Southwest Airlines Co. is in talks with other carriers and expects to secure a partner for international flights by its original goal of 2009, Chairman Herb Kelleher said.
That target was thrown into question when ATA Airlines Inc. filed for bankruptcy and stopped flying in April. The companies had planned to expand their 2005 U.S. marketing accord to add ATA service to Mexico, Canada and the Caribbean next year.
Southwest, the largest discount carrier, has been "assiduously talking to other airlines about the possibility of code sharing with them," Kelleher, 77, said this past week in an interview. "We are working feverishly on changing our system so we can accommodate international code shares."
Kelleher wouldn't name any of the prospective partners, which would operate overseas flights that could be sold by either airline.
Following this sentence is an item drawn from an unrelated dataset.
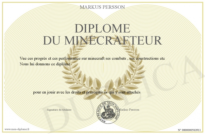 Envoyez par email votre Diplôme du minecrafteur personalisé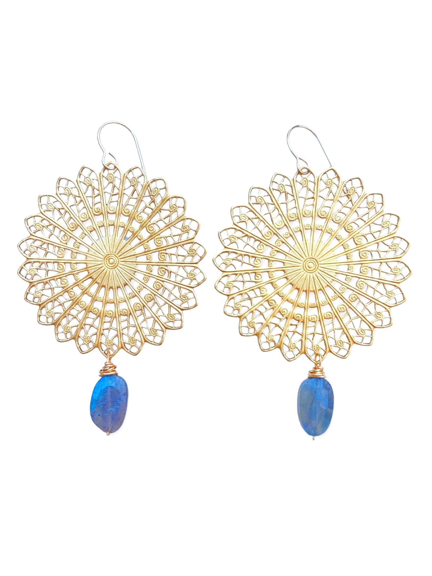 Labradorite hangs from gold disks making a statement earring that is so light weight that you can wear them all day and night.

Dallas-based Southwest now flies only in the U.S. and has said it should finish modifying its computer systems next year to allow for international travel.
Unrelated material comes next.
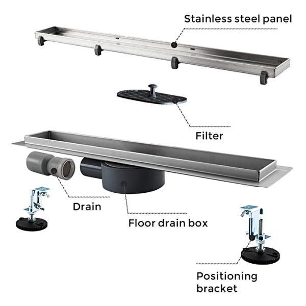 Душевой трап с боковым поворотным выпуском Gappo G86007-4, длина 60 см, цвет сатин, изготовлен трап из нержавеющей стали. Минимальная монтажная высота 85 мм, поворотный боковой выпуск 40 мм, в комплекте переходник на 50 мм. Защита от запаха: комбинированный гидрозатвор, защита от проникновения запаха и жидкости из канализации.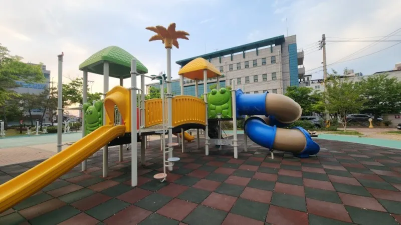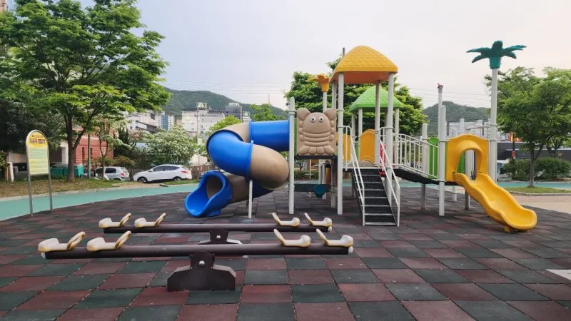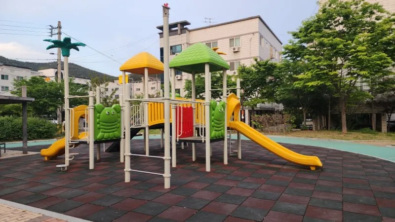 놀이터 바닥은 우레탄으로 되어 있어 아이들이 뛰다가 넘어져도 다치지 않을 것 같아요.

Southwest eventually may begin using its own planes on the "near-international" routes, Chief Executive Officer Gary Kelly has said.
New revenue from international flights and other sources such as fees for priority boarding would help Southwest blunt rising spending on jet fuel and labor. Southwest expected about $20 million in 2008 revenue from its accord with ATA before that carrier ended flights, down from a peak of $50 million.
"We discovered really how productive a code-share relationship could be," Kelleher said of the ATA accord. "It far exceeded any hopes I personally had. That kind of opened our eyes to its potential." The code-sharing label refers to the airlines' exchange of the data used in reservation systems.